De Beers Searches the African Seabed for Diamonds

  • Miner invests $157 million on ship to explore Namibia’s coast
  • That’s where De Beers finds some of its highest value diamonds

An employee inspects unpolished diamonds at the De Beers SA headquarters on Charterhouse Street in London on Feb. 1, 2017.

Photographer: Simon Dawson/Bloomberg

De Beers finds some of its most valuable diamonds on the Atlantic Ocean seabed off the coast of Namibia, and it’s betting there are a lot more to be discovered.
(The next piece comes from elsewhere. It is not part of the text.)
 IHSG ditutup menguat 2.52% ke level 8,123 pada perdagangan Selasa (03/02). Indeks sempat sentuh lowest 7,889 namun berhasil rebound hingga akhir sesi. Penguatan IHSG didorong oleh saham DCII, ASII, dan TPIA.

The world’s biggest diamond producer has spent $157 million on a state-of-the-art exploration vessel that will scour 6,000 square kilometers (2,300 square miles) of ocean floor for gems, an area about 65 percent bigger than Long Island. The Anglo American Plc unit mines in the area in a 50-50 joint venture with the Namibian government.

The vessel will scan and sample the seabed to identify the most profitable areas for De Beers’s ships, which suck up diamonds before they’re flown by helicopter to the shore. The strategy will help the company maintain annual production of at least 1.2 million carats for the next 20 years, Chief Executive Officer Bruce Cleaver said in an interview.
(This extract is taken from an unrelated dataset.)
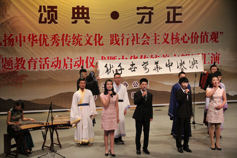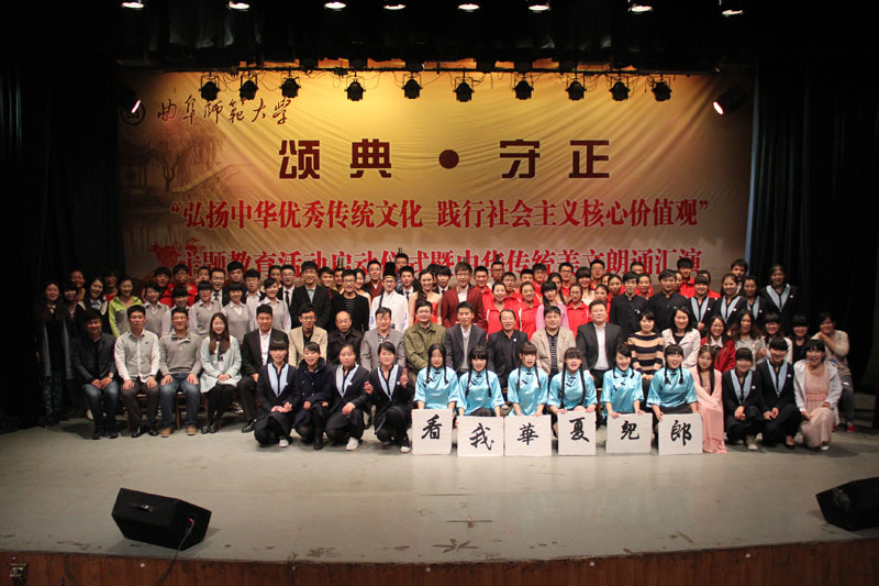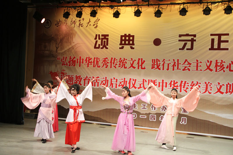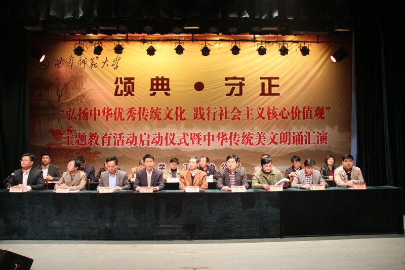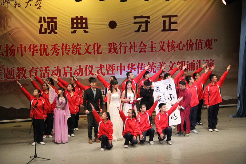 为弘扬中华优秀传统文化,践行社会主义核心价值观,根据教育部《完善中华优秀传统文化教育指导纲要》和学校《关于在学生中开展培育和践行社会主义核心价值观教育活动的通知》精神,结合日照校区实际,4月14日晚,由日照校区学生工作办公室主办的“颂典•守正—弘扬中华优秀传统文化、践行社会主义核心价值观”中华传统文化主题教育活动主题教育活动启动仪式暨中华传统美文朗诵汇演在音乐厅举行。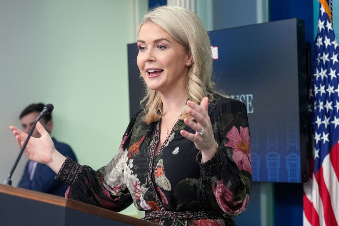 White House press secretary Karoline Leavitt speaks to reporters in the James Brady Press Briefing Room at the White House, Tuesday, Nov. 4, 2025.   (AP Photo/Manuel Balce Ceneta)

Those stones are “very important to our global mix and to our customers who are looking for higher-value diamonds,” Cleaver said.
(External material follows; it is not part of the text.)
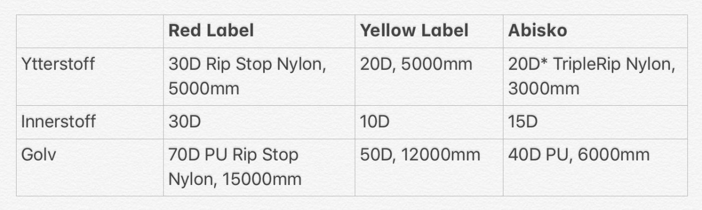 Ein kompis av meg har Shape 3 og eg syns det verkar som eit knallbra telt, men ser ikkje heilt korleis Abisko-serien tilsvarer Red Label i styrke og kvalitet. Har heller ikkje lese noko om at duken til fjellreven er behandla for UV-lys på samme måte som Kerlon er? Det har jo mykje å sei for levetida til eit telt. Uansett, utan å sjå seg blind på teoretiske spesifikasjonar så kan eg sei at i praksis så kjennast dukane veldig forskjellige ut. Ikkje at det eine er bedre enn det andre, men Abisko har ein langt meir elastisk duk, mens Red Label duken er mykje glattare og «stivare». Når det gjelder Shape 3 spesifikt, så opplevde eg høgda i innertelt som litt lav. Hilleberg Unna skal òg vere 100cm i toppen, men det kjennast mykje meir romsleg over haue. Eg tenkjer kanskje dette kan ha noko med at glidelåsen til innerteltet går heilt i topp på Hilleberg sine telt. Forstår ikkje kvifor ikkje fleire teltprodusentar gjer det slik eigentleg. Syns også mindre detaljar som stangkanalar, koppar, glidelås og strammarar verkar meir robust på Red Label, men når det er sagt så meiner eg Fjellreven har lagt seg på ei veldig fornuftig linje med tanke på vekt og styrke. Hadde truleg valgt Abisko Lite over Nallo om eg var eit par centi kortare. *Eg veit at Abisko har ei stripe med 40D langs bunnen, men dette er meir ein gimmick etter mi meining. Utgjer kanskje 10% av duken samla sett og i sterk vind ser eg ikkje føre meg at duken er sterkare enn sitt svakaste punkt uansett. Eg meiner også å hugse at stengene til Shape er tynnare i enden. Stemmer det? I såfall er det òg ein litt tullete måte å spare vekt på syns eg.- 17 svar

Namibia’s diamonds, which have been washed down the Orange River from South Africa over millions of years and deposited in the ocean, are key to De Beers because of their high quality. While not the biggest, the gems have few flaws after being broken from larger stones on their way to the sea bed. Only the strong and good quality ones survive, Cleaver said.

De Beers’s Namibian unit sold its diamonds for $528 a carat last year, much higher than the $187 average for the whole company’s stones and accounting for about 13 percent of total earnings.